6. Empirical Results and Domain-Specific Applications
OCMT's efficacy is evidenced by comparisons in macroeconomic forecasting, molecular biology, and social science modeling:
- UK inflation forecasting (2020q1–2023q1): OCMT with ARX controls produced RMSFEs matching or improving over ARX and outperforming Lasso, particularly at longer horizons (Pesaran et al., 2024).
- Nonparametric regression (Chinese migration): Multi-stage OCMT plus post-adaptive group Lasso selected parsimonious predictors with lowest RMSFE in 76–77% of simulations (Su et al., 2022).

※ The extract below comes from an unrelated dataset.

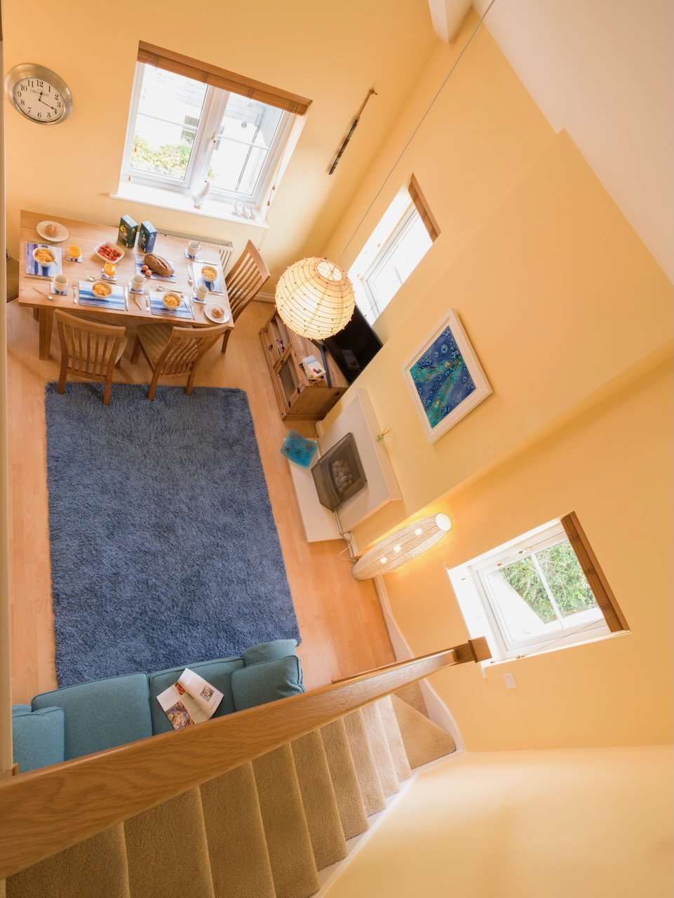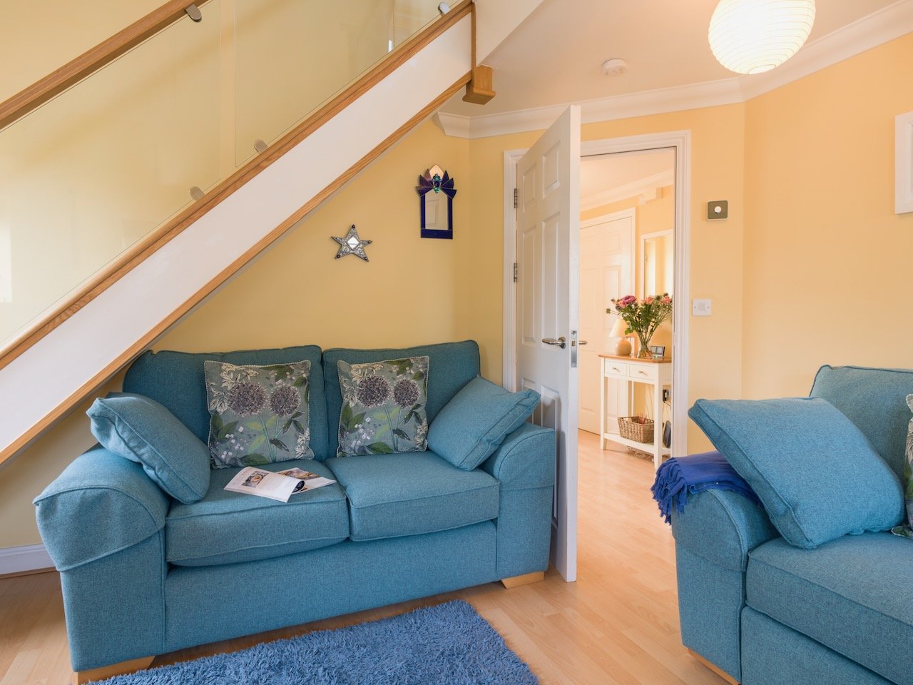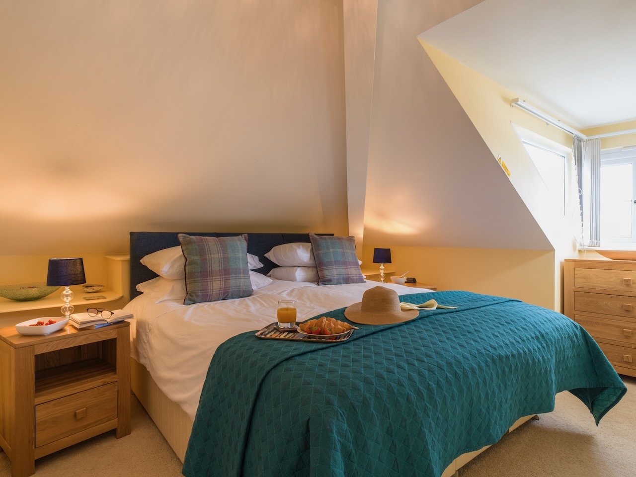 Upstairs, a mezzanine level bedroom features a comfy king-sized bed, tucked away in a light and airy setting. Outside the front, a small patio area gives you another sunny spot to sit back and unwind.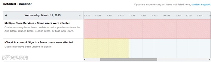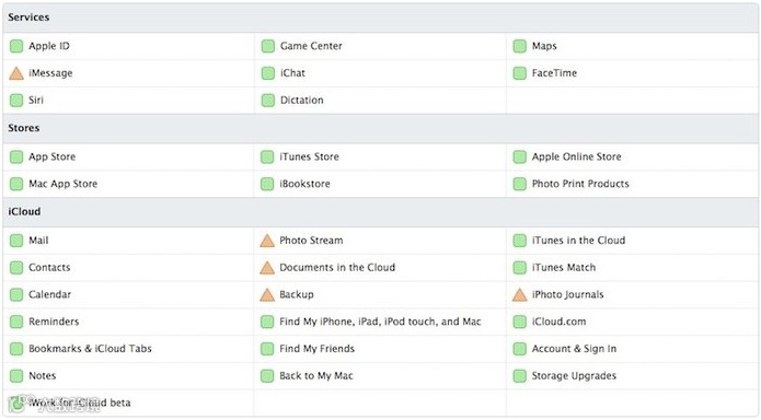 苹果官方系统状态页面显示,宕机开始于北京时间昨天下午 5 点,持续至今天凌晨 4 点左右,中断时间持续 11 个小时左右。

- High-throughput biology: In RNA-Seq data, covariate rank weighting (CRW) increased discoveries by >50% over group-based or unweighted procedures, with empirical FDR controlled at nominal levels (Hasan et al., 2022).
- Variable selection with parameter instability: OCMT maintained minimal mean squared forecast error and noise elimination, outperforming Lasso, A-Lasso, and boosting in both simulation and empirical studies (Chudik et al., 2023).
- Knockoff power comparisons: OATK achieved higher or comparable FDR and up to 30-point higher power versus standard knockoff and Benjamini–Hochberg in simulation benchmarks (Guan et al., 26 Feb 2025).
7. Limitations and Extensions
While OCMT offers attractive properties, several limitations and frontiers merit note:
- Sensitivity to weak signals: OCMT power may degrade if all signals are near the noise threshold; multi-stage or joint inference approaches may be needed (Su et al., 2022, Pesaran et al., 2024).
- Hidden/joint effects: Sequential one-at-a-time testing can miss variables that are only influential jointly; augmenting OCMT with a second-stage penalized or group-based selection is advised in such scenarios (Pesaran et al., 2024, Su et al., 2022).
- Structural model assumptions: Extensions to dependent data (time series, clustering), multivariate or interactive effects, and alternate null distributional forms are ongoing areas of research (Su et al., 2022, Hasan et al., 2022).
- Practical tuning: Empirical error control is sensitive to effect-size estimation, rank-modeling robustness, and, for adaptive weighting, the integrity of fold-independence (Hasan et al., 2022, Ignatiadis et al., 2017).
OCMT, as a flexible paradigm, bridges inferential transparency, rigorous error control, and broad applicability, making it a core component in the contemporary high-dimensional inference toolkit across econometrics, machine learning, and genomics.